One main finding of the mixed models analysis was that geomorphology plays a major role in the spatial variation of growth. Ecoregions were found to have similar growth increments, even when soil, geology or location differ. The geomorphology was found to be relevant for all three species. One explanation for this finding is that geomorphology changes the specific soil characteristics [49] and indirectly influences growth. It is also possible that geomorphology has driven the historical human impact on forest cover and growth (i.e., higher impact in flatter areas and lower in mountains ones), and therefore influencing in this alternate manner the vegetation development [50]. Another explanation can be that climate conditions present in that geomorphology type have a strong impact on tree growth [44,51,52], which can be a stronger driver than soil [53]. Non-climatic variables such as geomorphology can represent a proxy for different climatic characteristics [54,55], as spatially adjacent ecoregions with different altitudes exhibited very different growth increments. However, even when considering only non-climate variables, spatial variability was evident.

5. Conclusions

The spatial variation of growth for tree species represents an essential aspect of forest management planning, modelling and reporting [56]. This study aimed at determining the existence of variation in DBH and BA growth over the area of a medium sized country located in a temperate region. A series of 21 ecoregions summarized the ecological conditions for the entire country.
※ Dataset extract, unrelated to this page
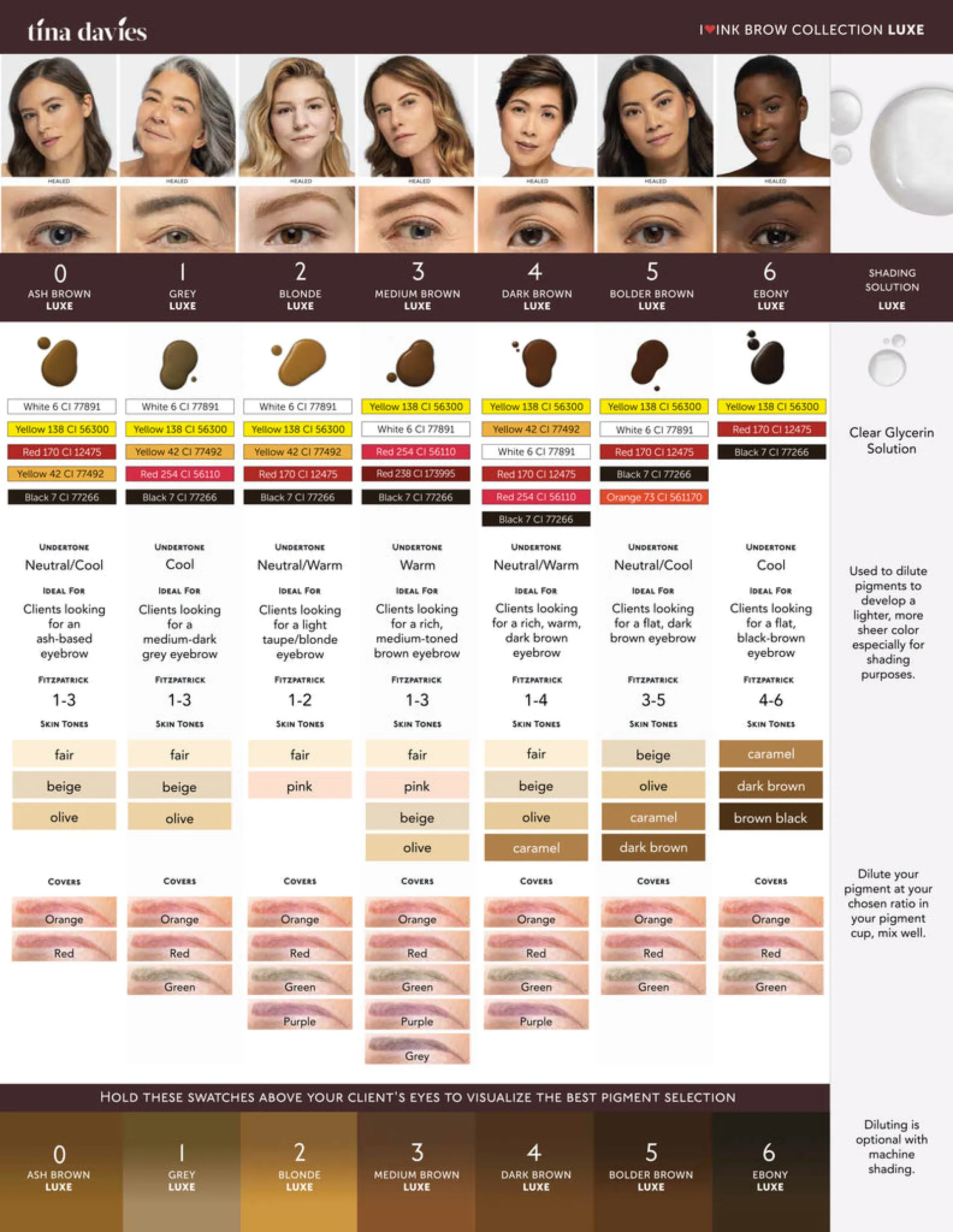 - Ash Brown LUXE: Страхотна класика. Този неутрален, хладен, средно пепелявокафяв пигмент е идеален за клиенти, търсещи вежди с пепеляв цвят. Фицпатрик 1-3.

Using mixed models and multivariate analysis on 6536 increment cores from the Romanian NFI, we were able to establish that tree growth is significantly different between various ecoregions for Norway spruce, European beech and Sessile oak. Numerous factors such as geology, soil and geomorphology are responsible for the difference in growth, with the latter being frequently present in the differentiation of ecoregions. An important finding of this study was that global, country wide, growth models incorporate far too much variability from an operational perspective. They can be used for country-wide resource estimations, but it is hard to justify their usage as a legal binding planning tool.

As the change in climate also influences the vegetation growth, and consequently, the type and amount of products and services supplied by each ecosystem, further dendrological studies that include climate and temporal analysis are needed for a better understanding of tree growth variability.